TO DO: Any pictures should be dropped; everything else in the records is to be returned exactly.

RECORDS FOR THIS TASK:
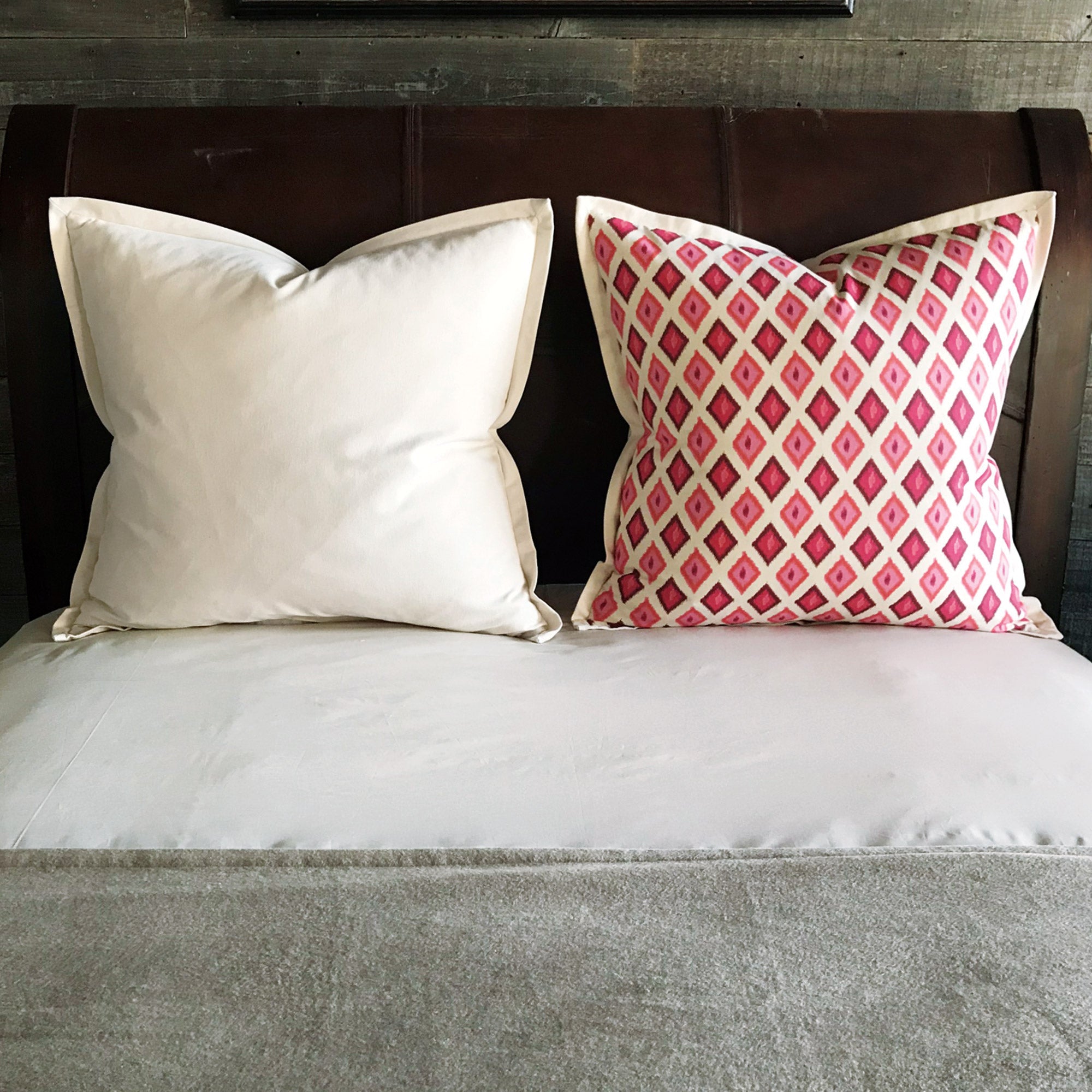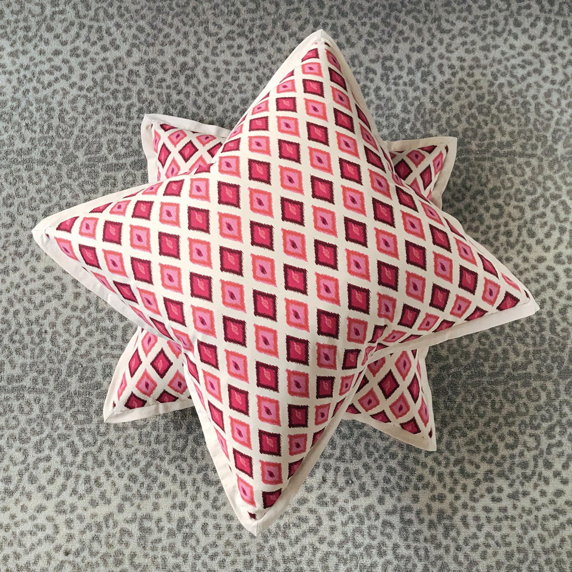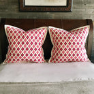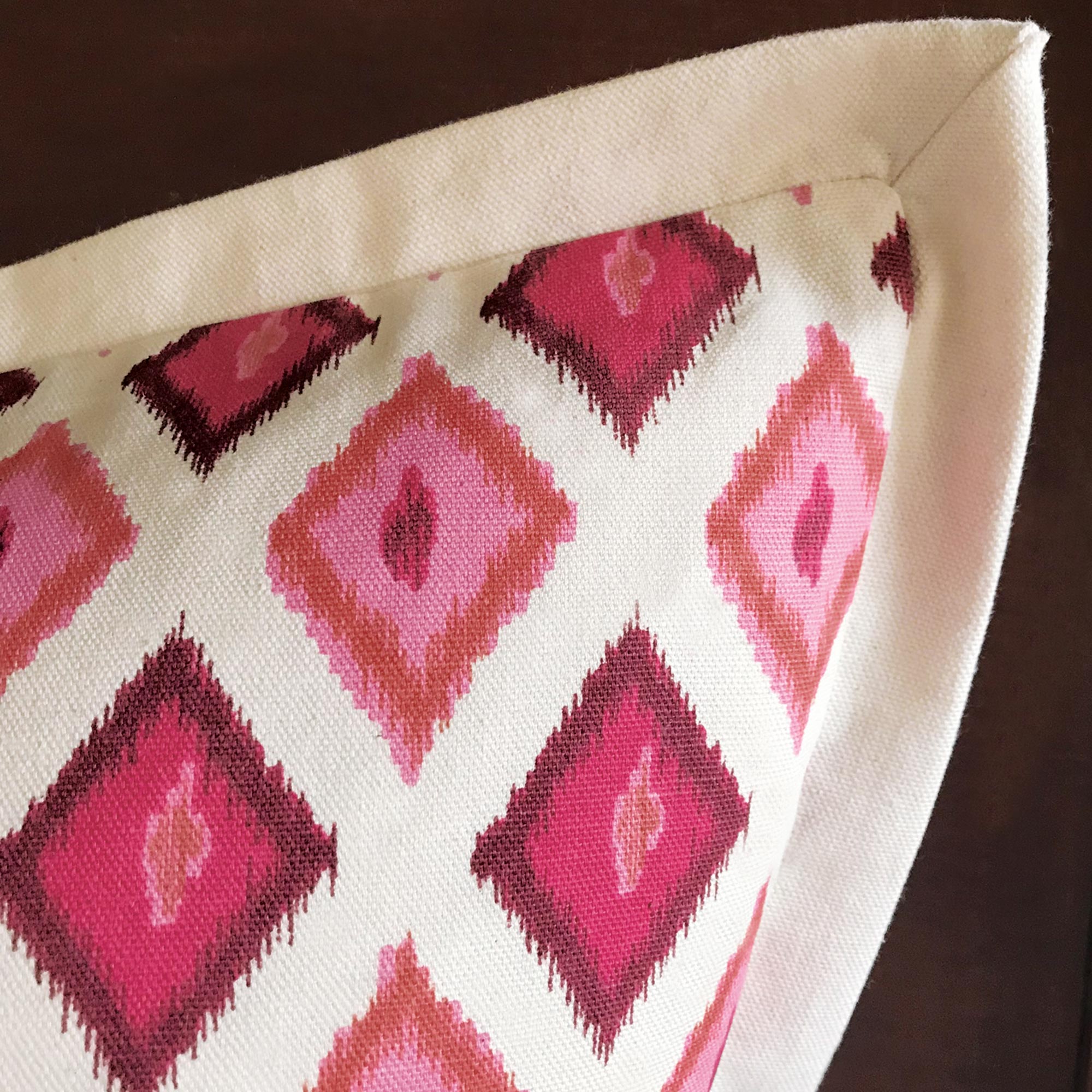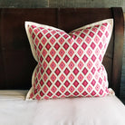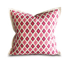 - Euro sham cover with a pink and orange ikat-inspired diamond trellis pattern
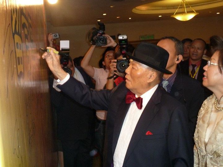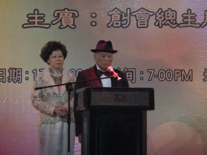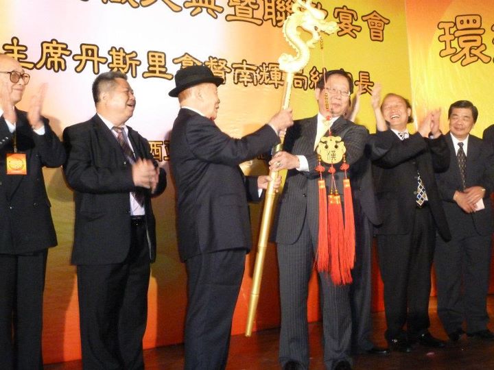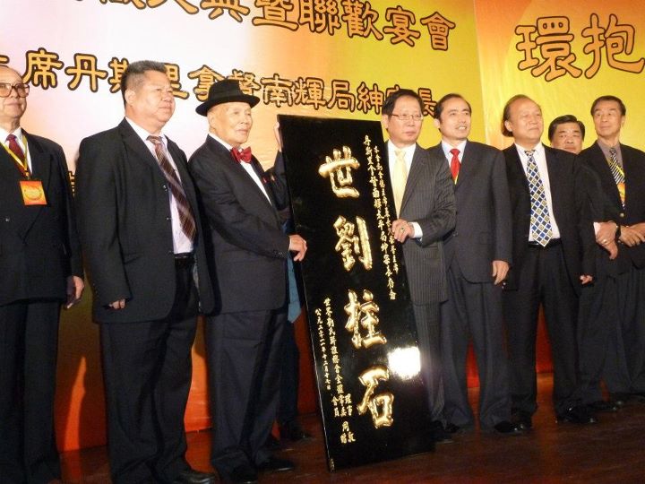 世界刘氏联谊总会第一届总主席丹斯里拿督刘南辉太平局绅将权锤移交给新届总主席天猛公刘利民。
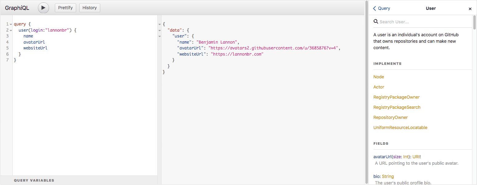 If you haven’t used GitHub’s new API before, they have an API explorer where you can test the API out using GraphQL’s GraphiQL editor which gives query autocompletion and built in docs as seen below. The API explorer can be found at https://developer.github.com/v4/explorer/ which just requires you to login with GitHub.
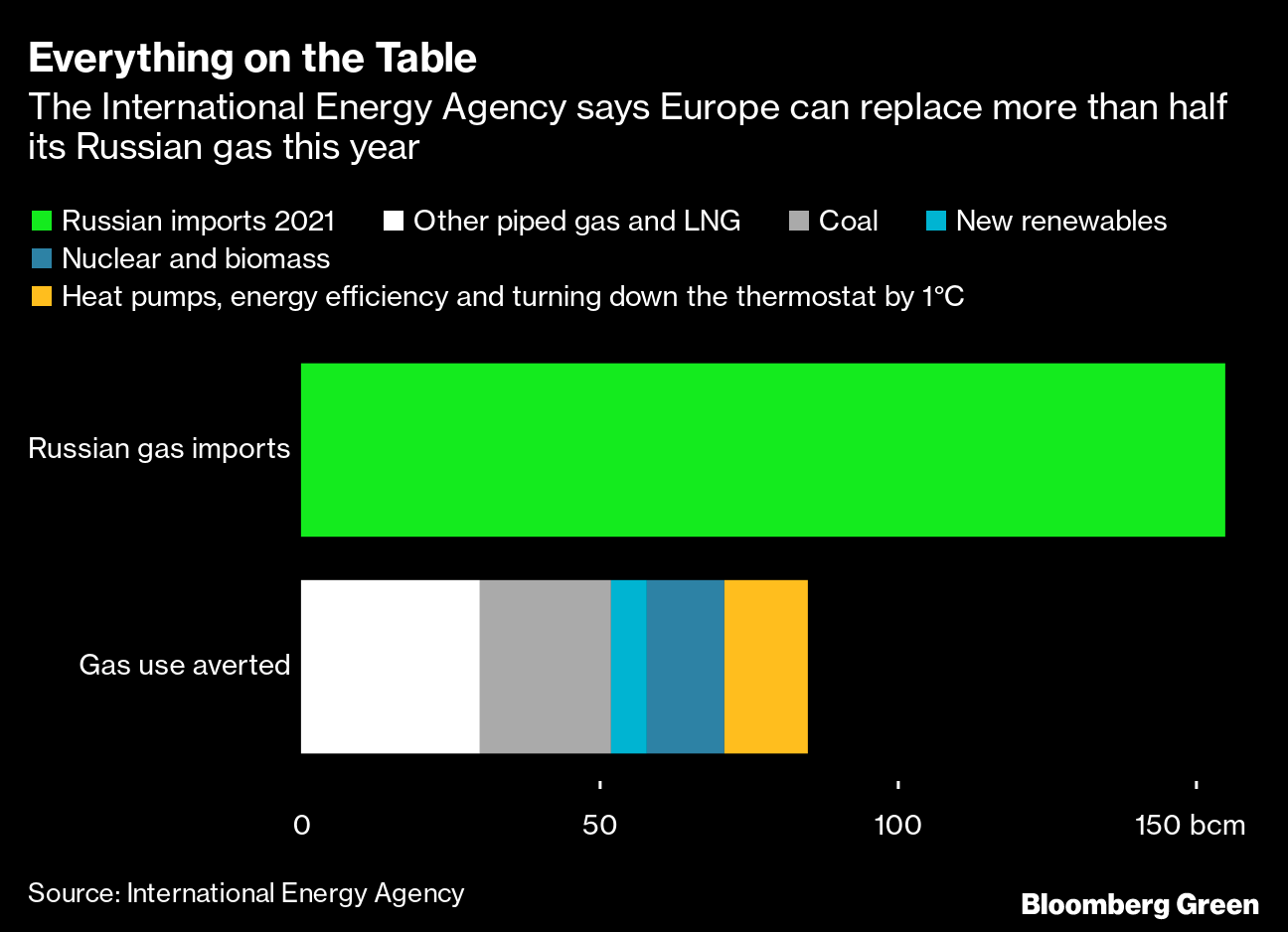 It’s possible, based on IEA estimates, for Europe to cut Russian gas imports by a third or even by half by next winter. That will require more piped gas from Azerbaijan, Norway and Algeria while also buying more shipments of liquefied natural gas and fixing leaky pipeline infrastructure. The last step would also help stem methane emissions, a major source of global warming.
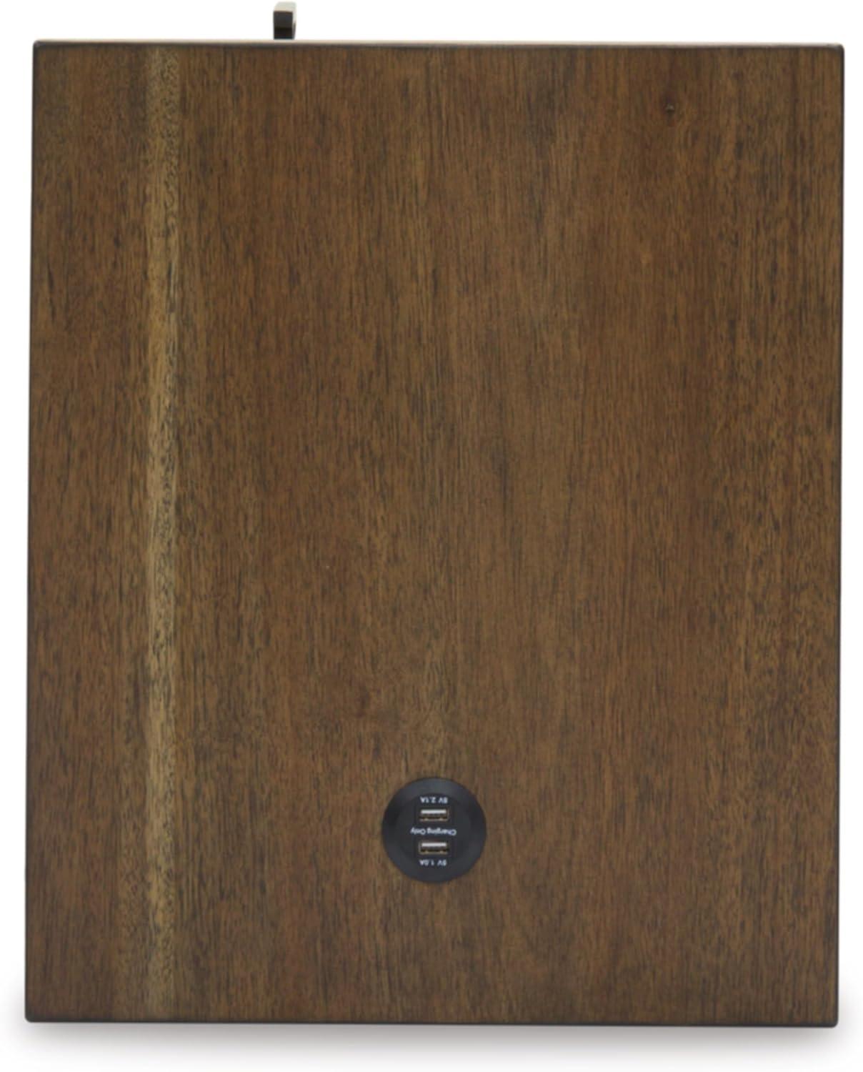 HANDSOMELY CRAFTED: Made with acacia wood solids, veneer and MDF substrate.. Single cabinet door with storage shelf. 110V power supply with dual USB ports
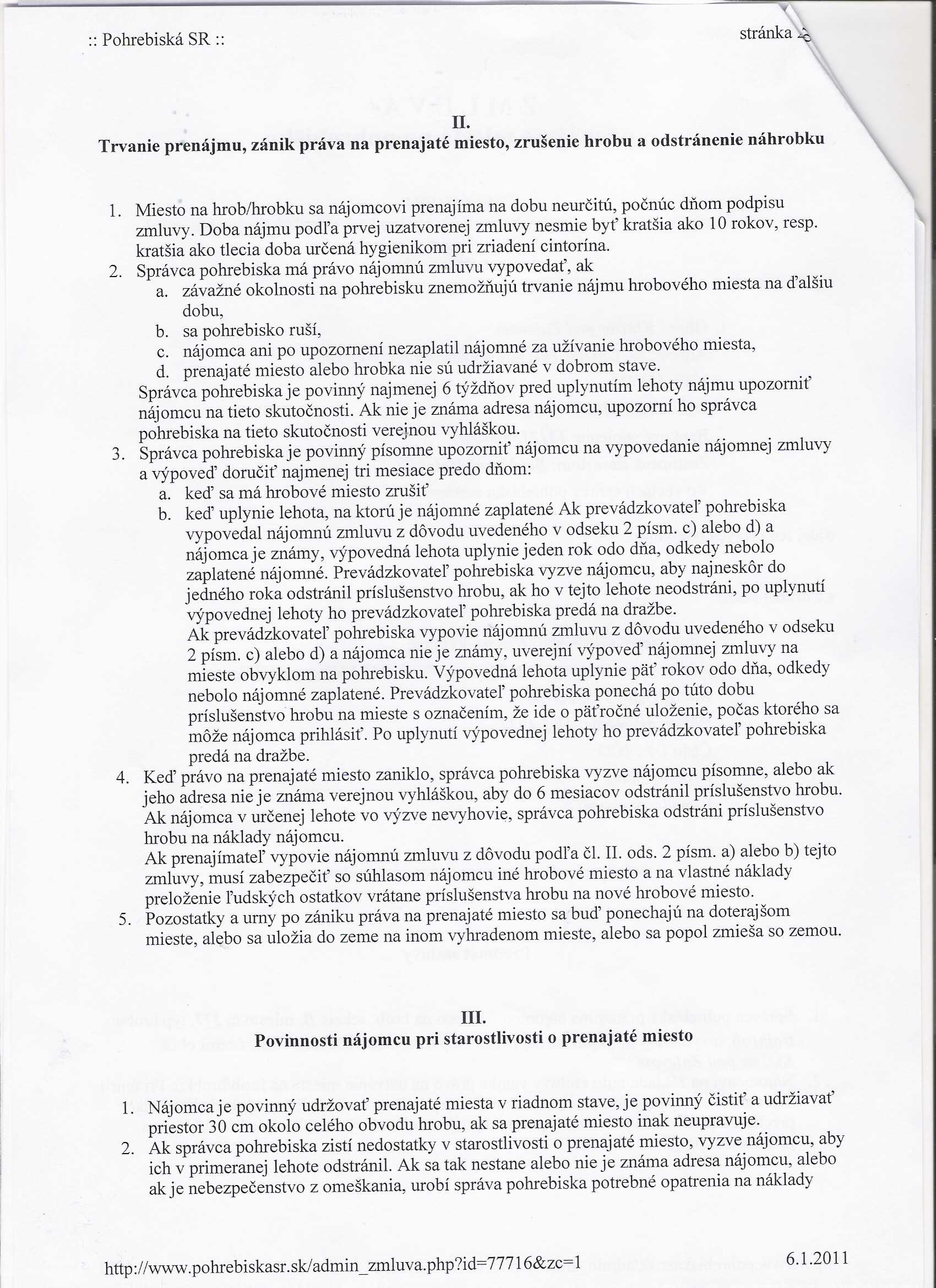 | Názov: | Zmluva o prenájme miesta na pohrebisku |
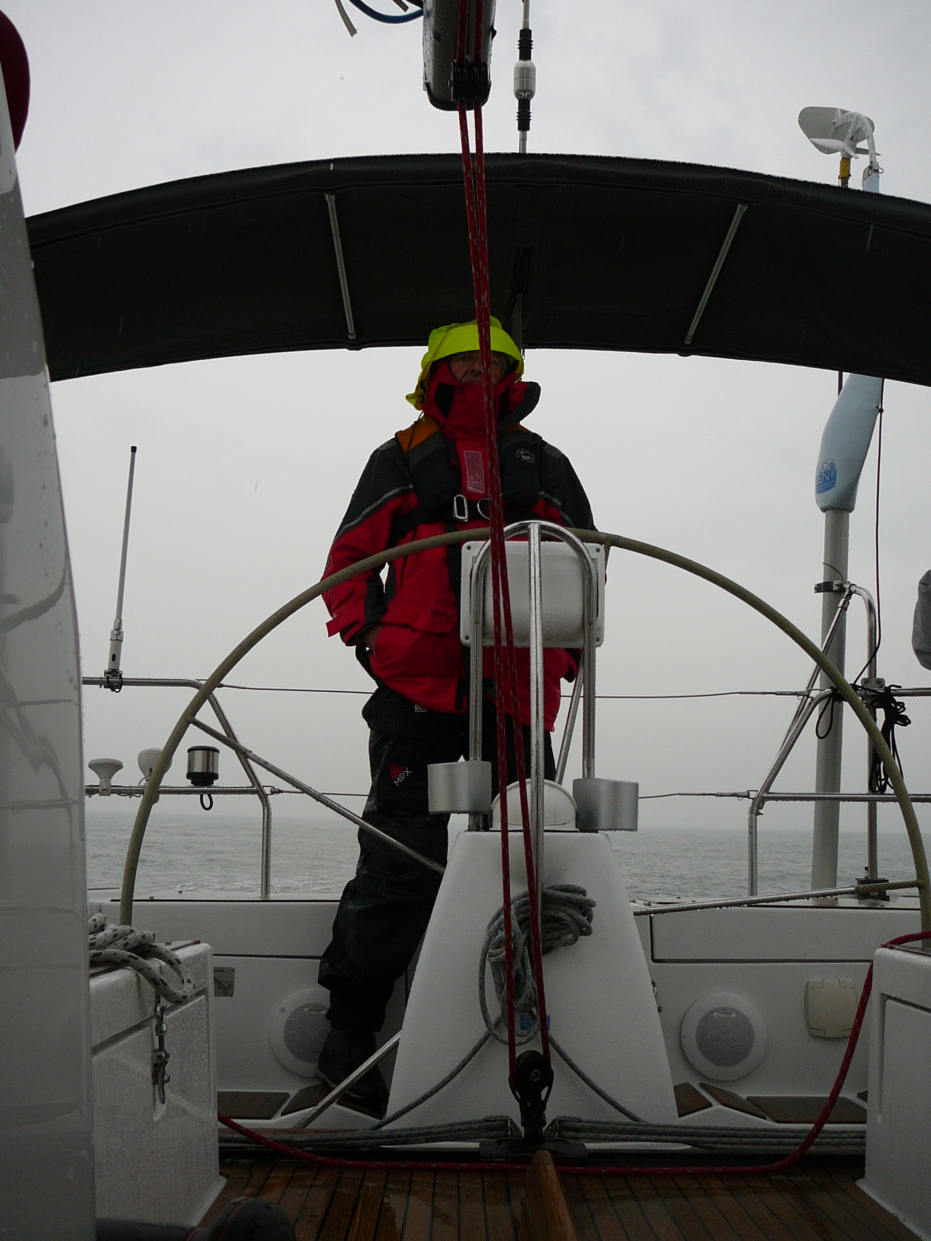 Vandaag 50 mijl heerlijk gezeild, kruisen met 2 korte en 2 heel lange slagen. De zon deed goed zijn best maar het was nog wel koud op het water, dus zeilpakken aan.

WRITTEN RESPONSE:
 - Euro sham cover with a pink and orange ikat-inspired diamond trellis pattern
 世界刘氏联谊总会第一届总主席丹斯里拿督刘南辉太平局绅将权锤移交给新届总主席天猛公刘利民。
 If you haven’t used GitHub’s new API before, they have an API explorer where you can test the API out using GraphQL’s GraphiQL editor which gives query autocompletion and built in docs as seen below. The API explorer can be found at https://developer.github.com/v4/explorer/ which just requires you to login with GitHub.
 It’s possible, based on IEA estimates, for Europe to cut Russian gas imports by a third or even by half by next winter. That will require more piped gas from Azerbaijan, Norway and Algeria while also buying more shipments of liquefied natural gas and fixing leaky pipeline infrastructure. The last step would also help stem methane emissions, a major source of global warming.
 HANDSOMELY CRAFTED: Made with acacia wood solids, veneer and MDF substrate.. Single cabinet door with storage shelf. 110V power supply with dual USB ports
 | Názov: | Zmluva o prenájme miesta na pohrebisku |
 Vandaag 50 mijl heerlijk gezeild, kruisen met 2 korte en 2 heel lange slagen. De zon deed goed zijn best maar het was nog wel koud op het water, dus zeilpakken aan.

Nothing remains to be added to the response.